|The above is from an email I received on Sunday, December 27th from a very reputable Investment Management company. |
"The high-yield (junk) bond space has been under legitimate pressure over the last few months, and there may be even more trouble ahead." They continue by writing, "... deteriorating credit markets have been a harbinger for a peaking economy, which would indicate that a recession could be coming."
Could they be correct in their forecast? My last two articles to Traders.com where I concluded that the Elliott Wave analysis of the S&P500 Index could be in a Wave 5 of WAVE V. This means that a major correction could well be on the cards. Gann analysis shows that this correction could start sometime in March 2016, give or take a month or two. So, strictly speaking, this Wave 5 of WAVE V rise, provides an opportunity to sell into strength, leaving the last 10% of course to the risk taker.
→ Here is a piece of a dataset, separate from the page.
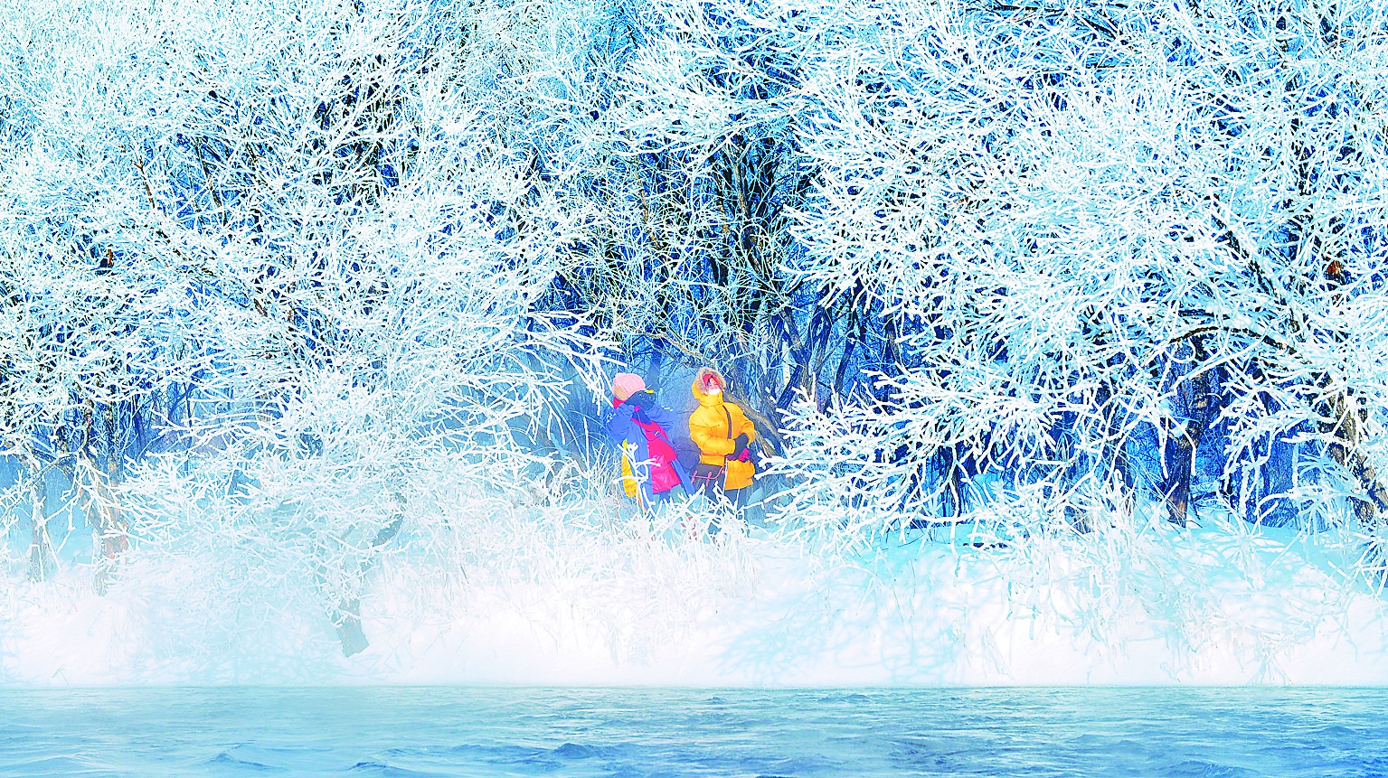 隆冬时节,许多摄影爱好者争相来到伊春市红星区大平台村拍摄雾凇美景。因库尔滨水电站长年发电,库尔滨河绵延十几里不冻,两岸树木枝条凝雪挂霜,形成了雾凇奇观,人们犹如进入了一个晶莹剔透的童话世界。 本报记者高明摄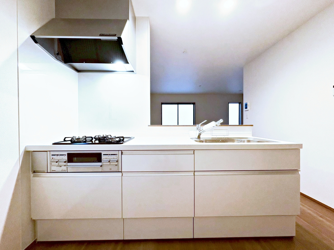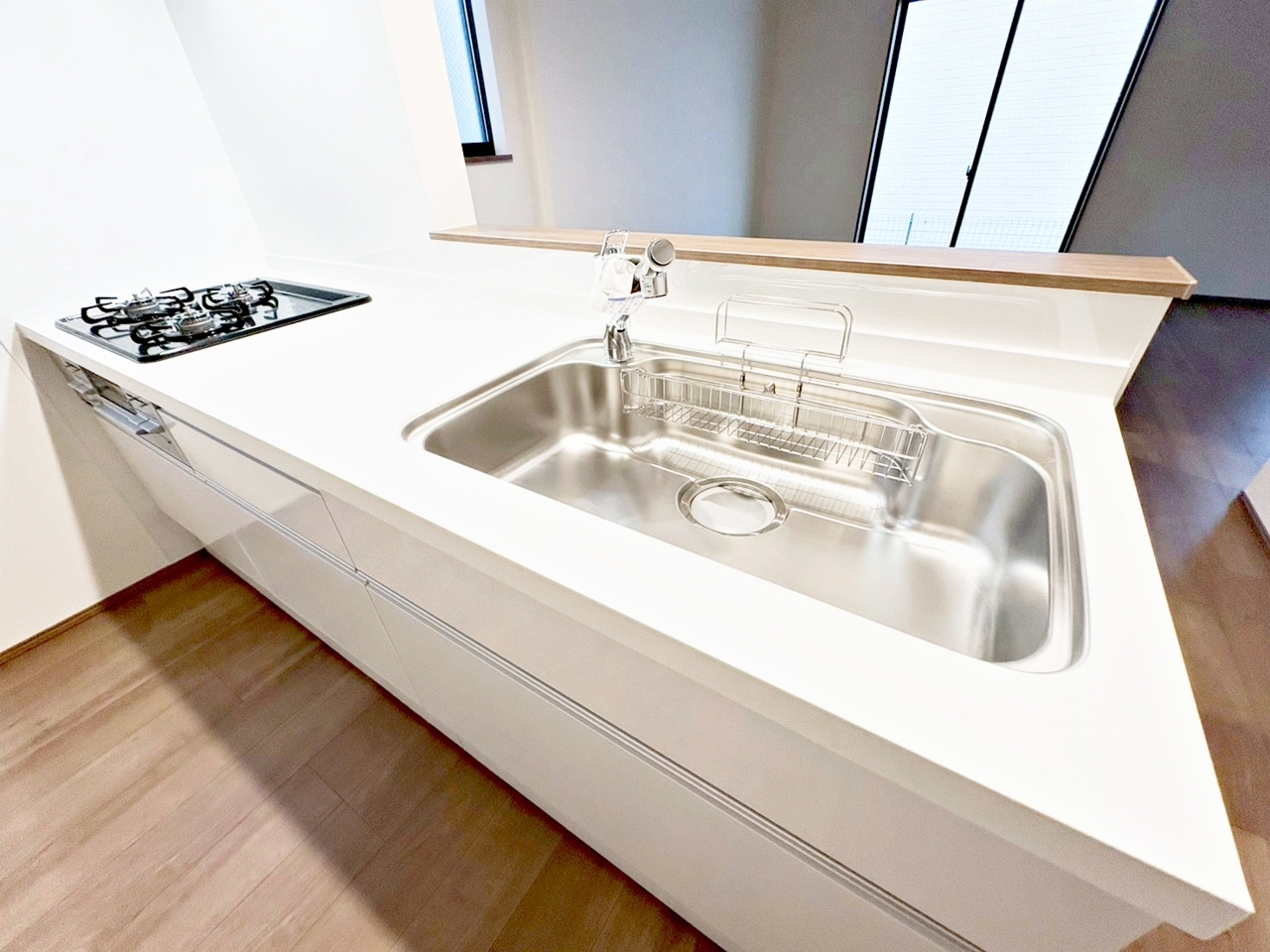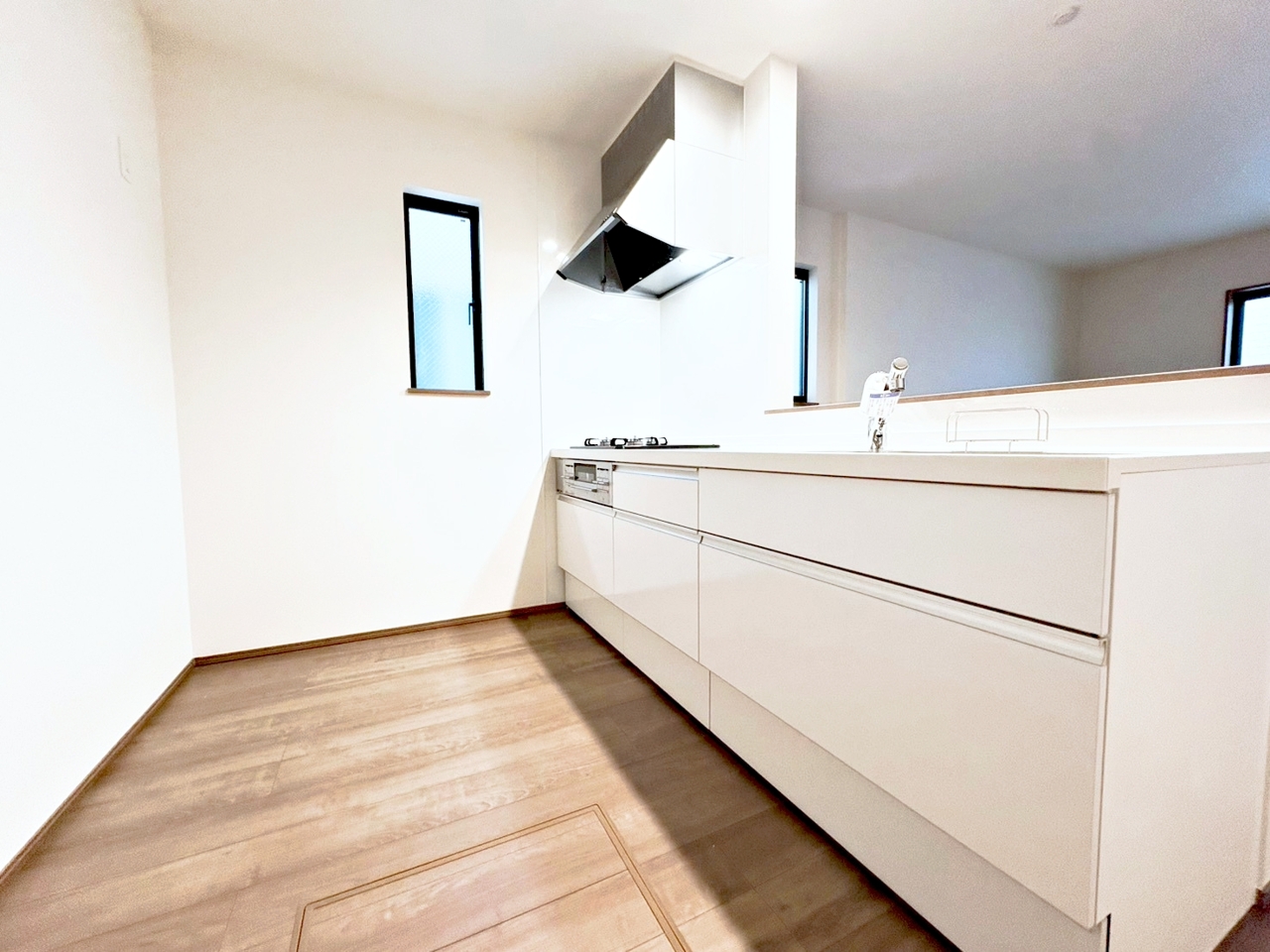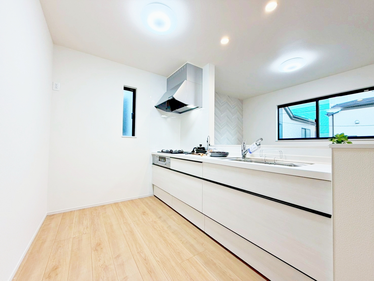 <N号棟> キッチンスペースもこんなにも広々! お子様と並んで、一緒にお菓子作りなどを楽しむことができます♪ コンロ横にも小窓を付け、お料理中の煙やニオイが逃がしやすくなっています。

If selling out of your portfolio, the question then arises as to where do you put your money? Under the mattress, or could you consider investing in interest or solid dividend paying stocks, or even gold shares if you believe that gold has bottomed? Then again there is the Canadian stock market.
|Figure 1. Dow Jones with Toronto Index.|
|Graphic provided by: MetaStock.|
|My chart in Figure 1 is a chart showing the Dow Jones and the Toronto Stock exchange index. Notice how the Dow and the Toronto Index moved together until the Oil price started falling. The Toronto Index fell to new lows, while the Dow continued higher. With interest rates rising in the US, the Canadian dollar has also fallen heavily against the US dollar. At the time of writing, the USD/CAD is 1.3881. This means that the C$ has fallen approximately 37% against the US$ in 2015. As the US Federal Reserve increases rates in 2016, as they have said they would, the C$ could fall even further against the US$. So, if you do decide to go Canadian, what do you invest in?|
|Figure 2. Royal Bank of Canada.|
|Graphic provided by: AdvancedGET.|
|With a weakening C$ to the US$, Canadian businesses, especially those that export from Canada to the United States, will have sales increasing. Also less Canadians will cross the border into the USA to purchase merchandise. Looking for Canadian companies that pay a strong dividend is therefore attractive, and one such company is Royal Bank of Canada. The bank currently has a dividend yield of 4.24%, with an EPS of 4.86. Not wonderful, but attractive and in a solid company. The chart in Figure 1 is a daily chart showing how the price peaked at $83.96 on November 27 2014, and then fell to a low of $68.12 by August 25th, 2015. From that level, the price rose to test the resistance line at $77.80 by December 1st 2015. The share at the time of writing is trading at $76. With the RSI trending up, traders could buy at the present price. Investors however could wait for the share price to rise above the JM internal upper band. The JM internal band is a 15 period simple moving average offset by 2% positive and 2% negative. A move above the upper band suggests a buy, and below the lower band, a sell. One negative is the falling volume as the price rose.|
|Figure 3. The KEG Royalties Income Fund.|
|Graphic provided by: AdvancedGET.|
|Another share that pays a good dividend is The KEG Royalties Income Fund. The yield is presently at 5.86%. The chart in Figure 3 is a daily chart with an Elliott wave count suggesting that the share price has completed a Wave 2. This is confirmed by the RSI indicator which has given a buy signal and is trending up. Once again traders could buy at the current price while investors could wait for a move above the upper JM internal band. Once again the negative is falling volume as the price rose. |
There are many Canadian shares that offer a yield/dividend above 5%. With the Canadian Dollar as weak as it is and expected to weaken further, should the Oil price continue falling, and should Janet Yellen stick to her strategy of raising interest rates in the US, buying solid Canadian Companies with a strong US$ could be a comfortable strategy should the market in the United States fall into recession. The oil price sometime in the future will find a bottom and start rising. When that occurs, so will the Canadian Stock market.